Privacy has just taken on new meaning in Europe. The European Union’s highest court has ruled that any of the region’s 500 million citizens can compel Google and other search engines to remove information about them from the companies’ search results, even if that information is neither inaccurate nor unlawful. The surprising decision, which Google can’t directly appeal, is either a bold reclamation of privacy rights in the digital era or a mandate to let anyone rewrite history as they please, depending on your perspective. It’s also the clearest sign yet that U.S. and European data protection laws are heading down divergent paths.
The European Union has always placed an emphasis on protecting its citizens’ data. The latest ruling, for a case in which a Spanish lawyer demanded that Google remove links to an old news article about his debts, is based on a 1995 European Parliament directive that provided extensive protections for personal data. The Parliament is in the midst of passing an even more sweeping update to the law that will make “data protection first, not an afterthought,” according to the body. A key tenet of this new policy is the “right to be forgotten,” the idea that individuals have the right to delete information about themselves that is not legally required to remain online. “This is the fundamental right of an individual as opposed to the business right of a company,” says Marc Rotenberg, president of the Electronic Privacy Information Center. “When courts are asked to consider those claims, I think they rightly look more seriously at the individual’s claims first.”
The U.S. has no privacy protections that even approach the broad aims of Europe’s laws. It’s not because Europe is the innovator on this front—former Supreme Court Justice Louis Brandeis first introduced the “right to privacy” in the U.S. in an 1890 article in the Harvard Law Review that was globally influential. It’s also not because Americans don’t value their digital privacy. A recent study by the Pew Research Center found that 68 percent of American Internet users believe U.S. laws don’t go far enough to protect individual online privacy. But a variety of factors mean American privacy legislation will likely never reach the scope of Europe’s laws.
First, Europe’s new ruling is difficult to reconcile with the First Amendment, which grants citizens the right to free speech. A U.S. law that compelled a company like Google to limit the type of content it shows in search results likely wouldn’t pass muster in American courts, experts say, because it could be construed as a form of censorship. “The First Amendment really does prevent this kind of widespread unpublishing of data,” says Danny O’Brien, international director at the Electronic Frontier Foundation. “In the U.S., free speech sort of trumps privacy.”
Americans do have privacy protections, but they’re spread across a variety of state and federal laws that typically apply to specific groups of people. For instance, California has a law somewhat similar to the E.U. ruling that allows people to demand that tech companies delete their data, but it’s only for minors. On other online issues, like hijacking someone’s digital identity, punishments vary from state to state. With Congress’s ability to pass new legislation near an all-time low, it’s doubtful sweeping federal change will suddenly come on this front anytime soon. “The way in which the U.S. protects privacy is through a patchwork series of laws,” says Andy Sellars, a staff attorney for the Digital Media Law Project housed at Harvard University. “The EU has always tended to think of a privacy as more of an overarching thing that touches on all other domains.”

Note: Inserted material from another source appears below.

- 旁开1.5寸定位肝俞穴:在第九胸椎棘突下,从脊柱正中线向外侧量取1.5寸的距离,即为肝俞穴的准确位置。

Money, of course, also plays a role in the way laws are formed. Though energy company lobbyists are the ones pulling the strings on shows like House of Cards, Google spent $15.8 million on D.C. lobbying in 2013, more than Exxon Mobil. “That has played a big role in what Washington has or has not done,” Rotenberg says. By comparison, the tech giant spent around $2 million to influence the European Union last year.

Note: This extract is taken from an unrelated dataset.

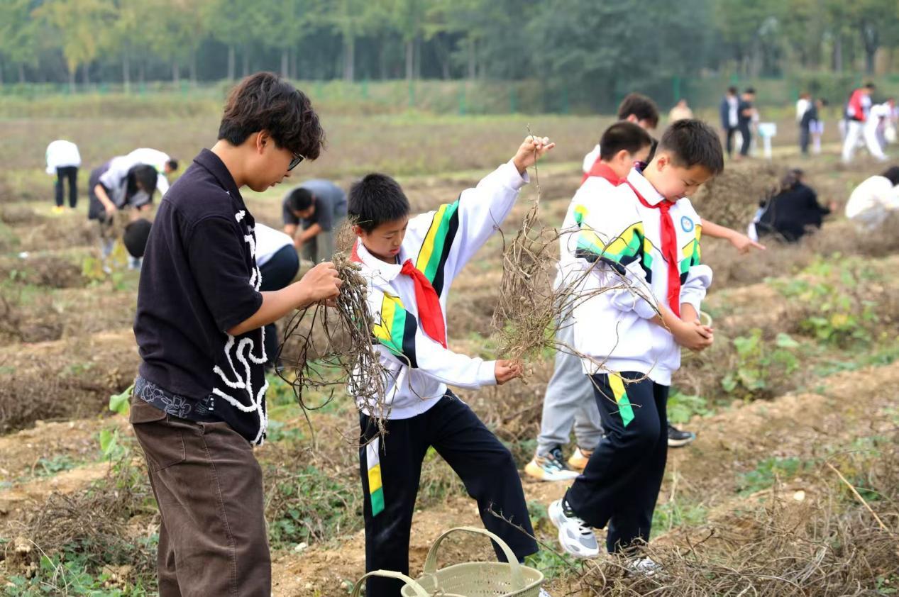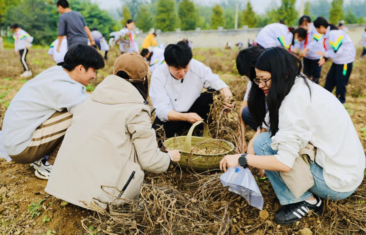 近年来,学校通过“大手拉小手”协同育人机制,每年组织大中小学师生共同参与“启耕节”“丰收节”等活动,同上田间地头“大思政课”,将红色思政教育与绿色农耕劳动深度融合。以田间为课堂、以劳作践真知,不仅搭建了大中小学教育协同的桥梁,更让师生在亲身体验中传承农耕文化、厚植劳动情怀。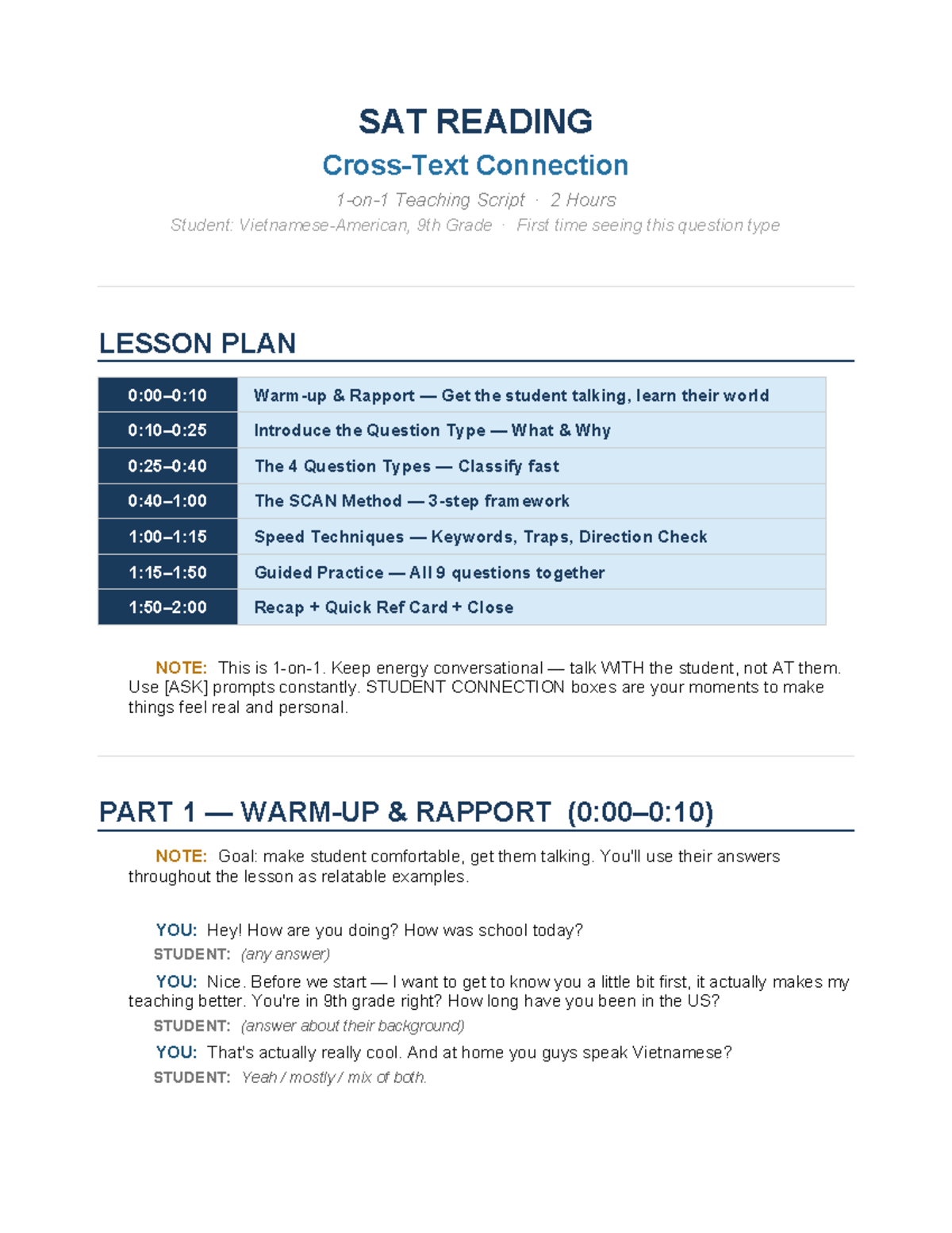 SAT READING Connection Teaching Script: 9th Grade Lesson Plan - Studocu

Even though the U.S. is unlikely to adopt similar policies, the E.U. ruling will still have global implications. Sellars says it’s likely that Google will only delete content in the countries where it is required to do so. Twitter has this policy, and Google does it on a small scale for issues such as German laws banning content related to Nazism. Such measures could lead to a decidedly different Internet experience on American shores compared to European ones, a concept known as balkanization that Silicon Valley views as anathema to the open Internet.
Many questions remain. It’s not clear whether Google will readily delete data when requested or try to protect its search results by taking individual cases to local judges, a strategy that could rack up huge legal fees. The boundaries of what can be deleted are also extremely vague, with the court only saying that information that is no longer relevant or timely is game to be scrubbed. Prominent figures won’t have a right to delete information in the public interest, but that exception is open to wide interpretation.
Ultimately, the ruling, which could eventually impact other tech companies like Facebook and Twitter, will establish a different set of online standards and expectations based on where users happen to reside. And those varying standards aren’t likely to be reconciled anytime soon. The question judges, legislators and citizens will have to grapple with, Sellars says, is “whether or not the Internet is truly a global platform where all of us have access to the same information or whether it is really just something that is going to be recaptured by nations over time.”